Their arrangement of "Ramblin' Man" pits his voice against hers. Campbell's hushed vocals act almost like an effect or another instrument in the mix. Instead of a piano or another guitar line, Campbell sings a counter melody to Lanegan's lead. It is not easy to decipher what she is singing as her voice is mixed to the back but it adds sultriness to the song. Rustic drum sounds, Western-sounding electric guitar lead, a whistle, and rhythmic whip crack provide terrific accents.
The star of this track is Lanegan's voice. There might not be a voice still alive better suited for this song than his (Johnny Cash, and of course Williams his ownself would have been up to the task). There is nothing mannered or fussy about the way he approaches the song. His voice exists for songs like this and songs like this exist for his voice.

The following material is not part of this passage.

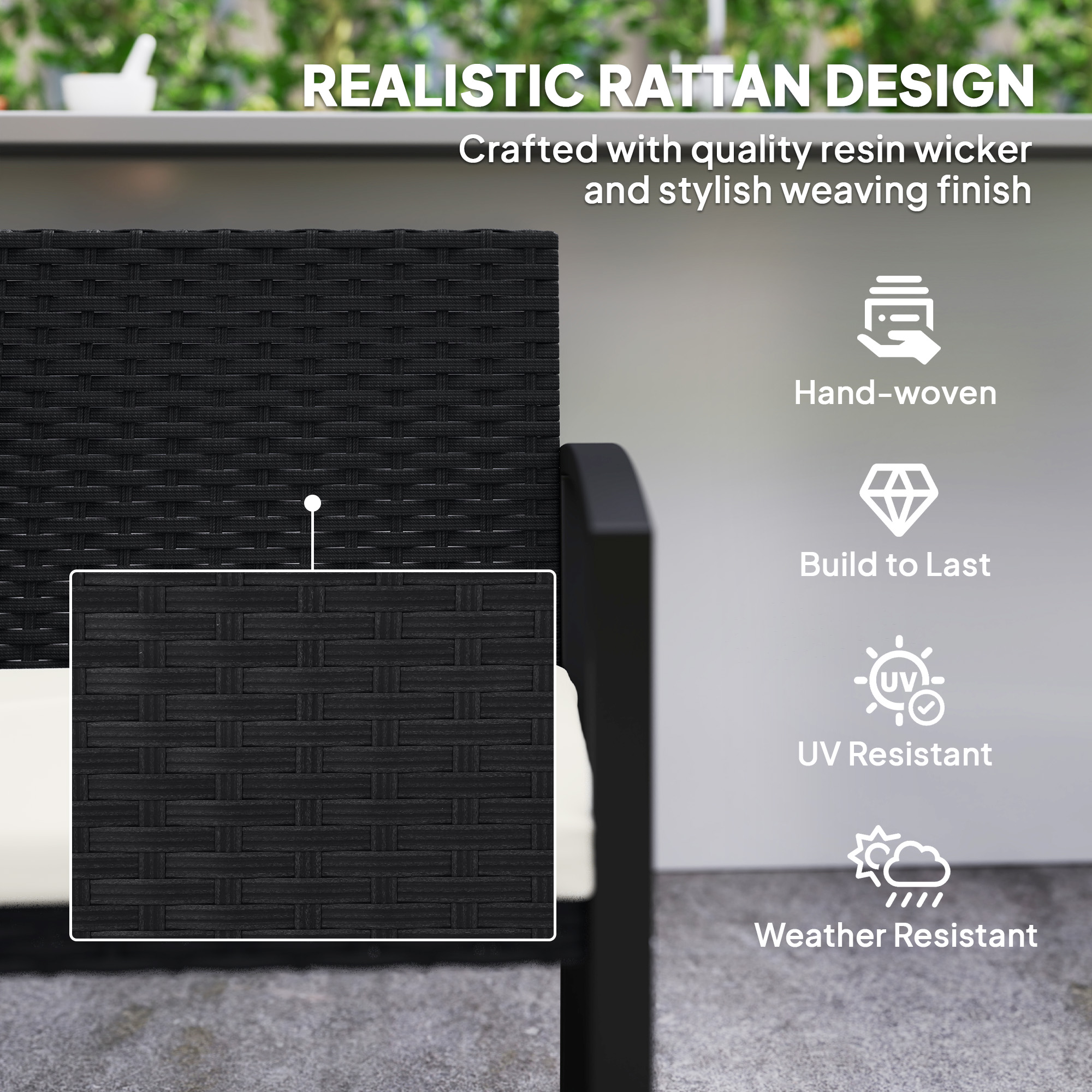 Sit down outdoors in style and comfort, with this two seater garden bench. The powder coated steel frame for a strong piece, fitted with a rattan back and seat for garden style. Fitted with a padded seat cushion so you'll sit comfortably, rattan bench is complete with a removable and washable cover for hygiene.

The second track on the single is also slated to be part of Ballad. "(Do You Wanna) Come Walk With Me?" is a gentle, acoustic duet between Lanegan and Campbell. The vocal arrangement is more traditional as they sing together rather than against one another. Either Isobel Campbell has a dirty mind or I do for misinterpreting an occasional phrase. "(Do You Wanna) Come Walk With Me?" is either a gentle, platonic love ballad or it is an invitation to something more unseemly. I will leave that to your imagination.
"Revolver, Pt. 2" is written by Lanegan yet he does not sing on the song. The 'Pt. 2' suggests this might have some relation to the song "Revolver" (which will be on Ballad when it is released). Campbell's sweet voice floats above an ethereal, echo-drenched electric guitar. "Revolver, Pt. 2" is another in the canon of great two-minute Lanegan songs ("Revolver, Pt. 2" is actually less than two minutes).
This track like its predecessor is brief, lasting barely more than two minutes with acoustic guitar and strings providing the musical backdrop for Campbell's voice (Lanegan is again absent). Where "Revolver, Pt 2" had an airy, less substantive vocal sound and there was less to the music it seems to be the more completed musical idea of the final two tracks.